The funk didn't cause any harm to my husband who was around the house, for which I'm glad, but it still wasn't fun being me. Thankfully I had a moment of clarity where I rememberd that I could actually do something about my attitude. Yesterday at lunch one of my friends mentioned that she's starting and ending her days with a "sacrifice of praise." It doesn't matter how she feels at the moment, or what's happening in her life, she makes a list of all the things she's thankful for and offers them up to God. 

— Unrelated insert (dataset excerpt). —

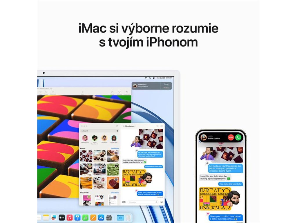 SPOLUPRACUJE SE VŠEMI TVOJÍMI ZAŘÍZENÍMI APPLE – Když zařízení Apple používáš společně, můžeš dělat úžasné věci. Zkopíruj něco na iPhone a vlož to na iMacu. Přijímej hovory přes FaceTime a posílej textové zprávy přes apku Zprávy přímo na iMacu. A to je jen začátek.

Psalm 50 ends with this wonderful verse: "He who sacrifices thank offerings honors me, and he prepares the way so that I may show him the salvation of God." (Psalm 50:23). It's like God is telling us that making the choice to be thankful, to speak out his goodness, to smile and remember is the right way to live as His children. Not only is it right and honoring, but It also opens up the channel for grace to pour into our lives. It's like opening a valve to fresh water, or a window to the afternoon sun so that what's freely available (and able to "salve" us) is able to find a way in.
 
So I'm thankful for all the food that I CAN eat (kale sauteed in olive oil with garlic salt is YUMMY), and thankful for health providers who can diagnose stuff that keeps us from being as healthy as we can be. Thankful for a husband who often comes home with groceries (I know I'm blessed!) and thankful for friends who remind me of the way to live in God's goodness.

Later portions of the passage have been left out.